• Raw data

◇ ◇ ◇ ◇ ◇

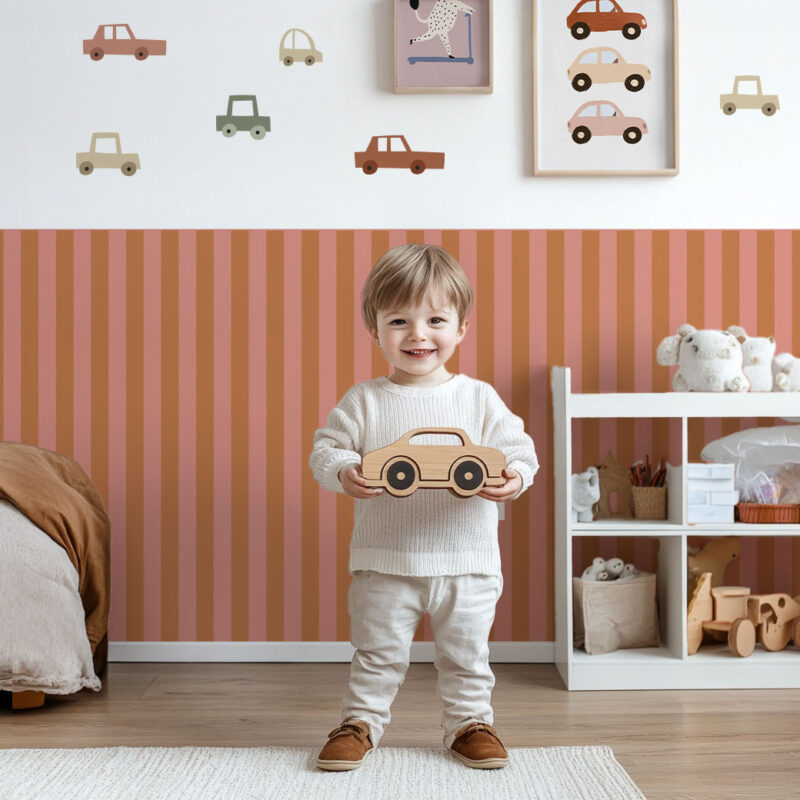 Papier peint rayures Terre de Sienne – Marron & Rose Poudré
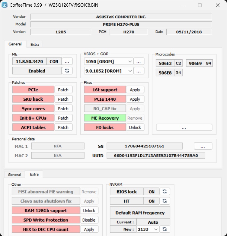 С оригинальными прошивками всё понятно. Распишу про патч: 1. Добавлены всевозможные микрокоды процессоров 1151v2 + разблокированы функции поддержки 6-8 ядерников 2. Оставлены родные микрокоды процессоров 1151v1 3. Патч на 128 ГБ ОЗУ (вместо родных 64) 4. Отключена проверка ME региона 5. Обновлены версии VBIOS и GOP 6. Применены прочие патчи, существующие в CoffeeTime 0.99
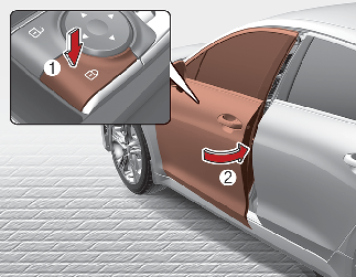 키를 사용하지 않고 도어를 잠글 때는 운전석(또는 동승석)의 중앙 도어 잠금 스위치(1)를 이용하여 도어를 잠그고, 도어를 밀어서 닫으면(2) 잠깁니다. 확실히 잠겼는지 확인하십시오.
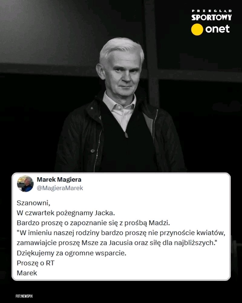 Teraz Marek Magiera zamieścił w sieci wyjątkowy apel. “Szanowni, W czwartek pożegnamy Jacka. Bardzo proszę o zapoznanie się z prośbą Madzi. »W imieniu naszej rodziny bardzo proszę, nie przynoście kwiatów, zamawiajcie, proszę msze za Jacusia oraz siłę dla najbliższych«. Dziękujemy za ogromne wsparcie” — napisał Marek Magiera na platformie X.
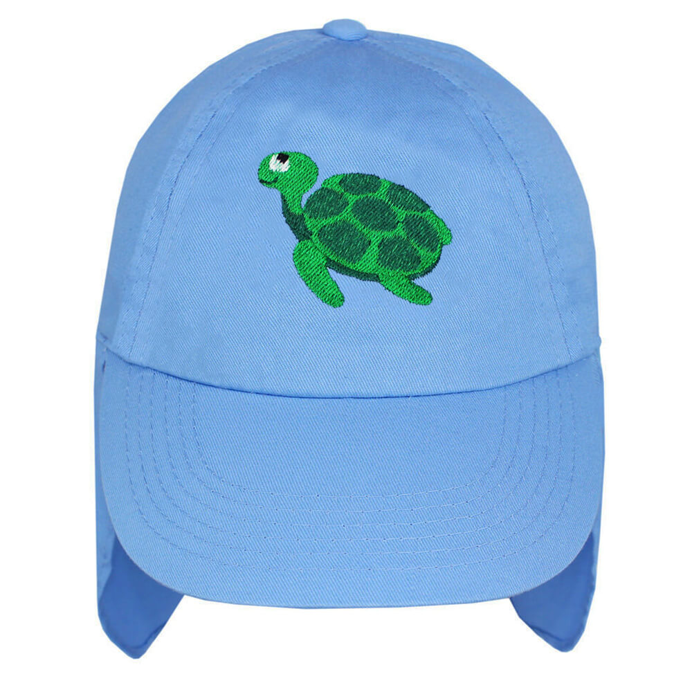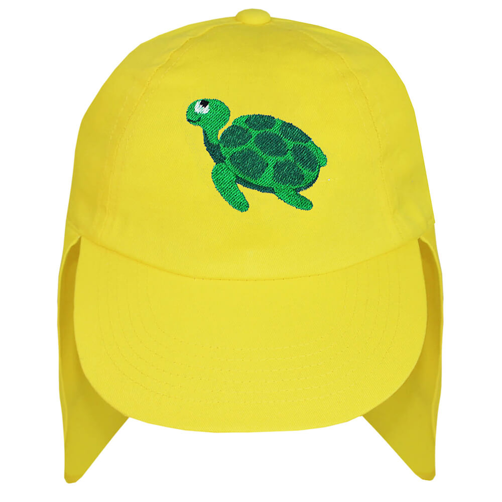Get beach holiday ready with our colourful kids turtle embroidered legionnaire hats! Choose from Sky Blue or Sunshine Yellow for the perfect holiday hat!
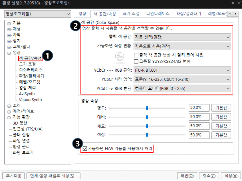 환경 설정 창에서 영상 > 색 공간/속성 버튼을 클릭하고, 색 공간(Color Space)에서 출력 색 공간에 자동 선택(권장), 가능하면 직접 변환 : 자동으로 사용(권장)에 체크를 한다.
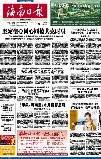 海南日报 头版 001 2009-03-051 2009年03月05日 星期四
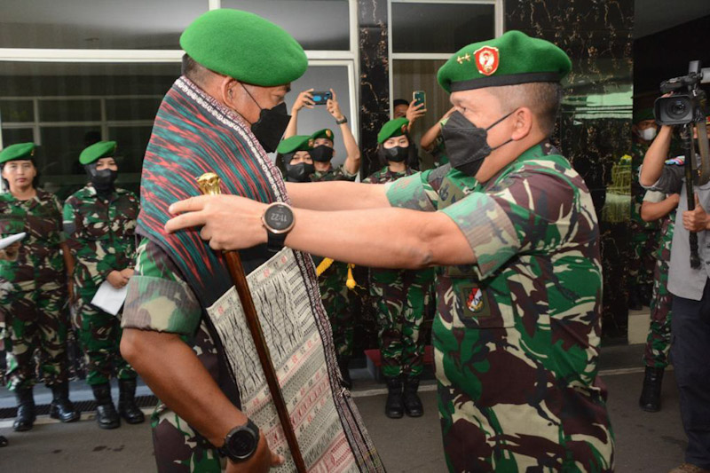 EKSISNEWS.COM, Medan – Panglima Komando Daerah Militer I Bukit Barisan Mayjen TNI Achmad Daniel Chardin, SE, MSi, memimpin acara tradisi Korps Pelepasan Mayjen TNI Hassanudin SIP, MM di Markas Komando Daerah Militer I/Bukit Barisan. Senin, (08/03/2022).
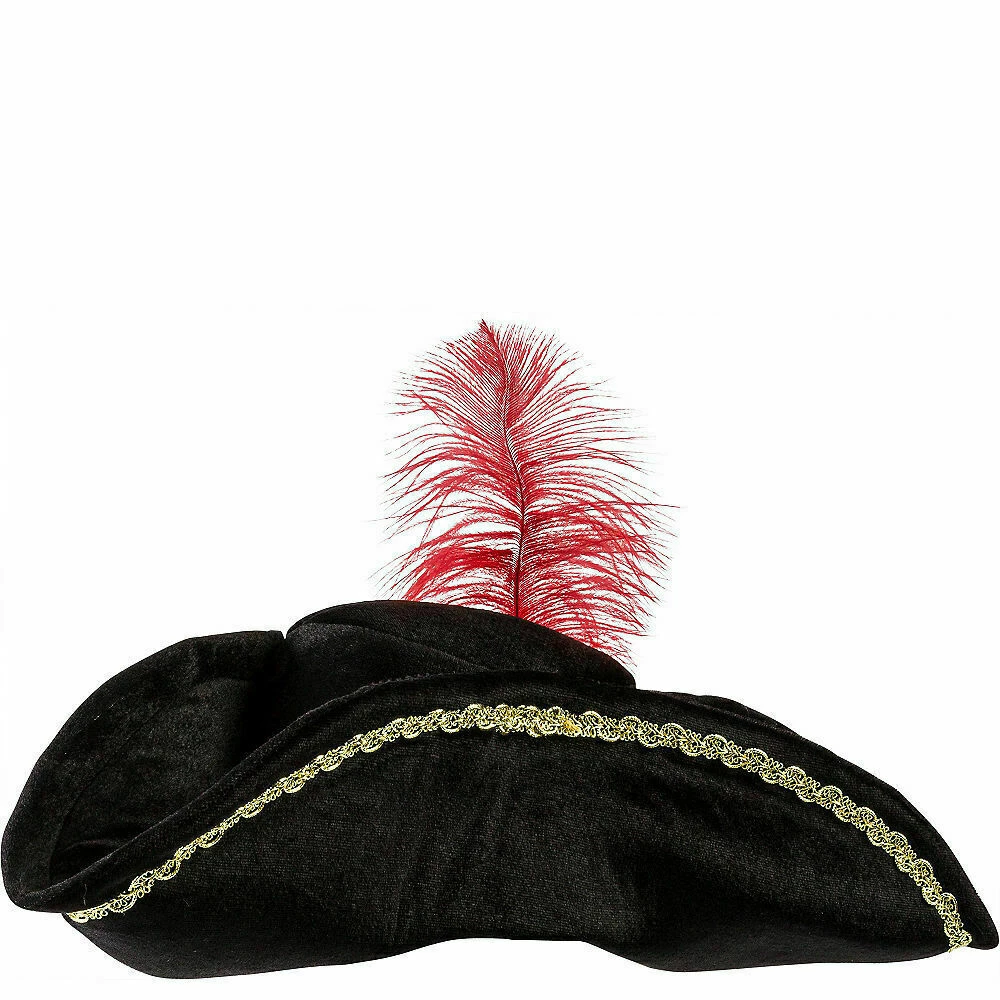 Swashbuckle in style with this elegant Pirate Hat. Black Buccaneer Pirate Hat features a formed velour three-cornered design with ornate gold trim and a red feather accent. Pirate Hat is 100% polyester. One size fits most adults.

◇ ◇ ◇ ◇ ◇

• Exercise prompt
The line containing "海南日报 头版 001 2009-03-051 2009年03月05日 星期四" and every line after it, through the end of the material above, are to be printed exactly; no pictures belong in the output.

• Response below
 海南日报 头版 001 2009-03-051 2009年03月05日 星期四
 EKSISNEWS.COM, Medan – Panglima Komando Daerah Militer I Bukit Barisan Mayjen TNI Achmad Daniel Chardin, SE, MSi, memimpin acara tradisi Korps Pelepasan Mayjen TNI Hassanudin SIP, MM di Markas Komando Daerah Militer I/Bukit Barisan. Senin, (08/03/2022).
 Swashbuckle in style with this elegant Pirate Hat. Black Buccaneer Pirate Hat features a formed velour three-cornered design with ornate gold trim and a red feather accent. Pirate Hat is 100% polyester. One size fits most adults.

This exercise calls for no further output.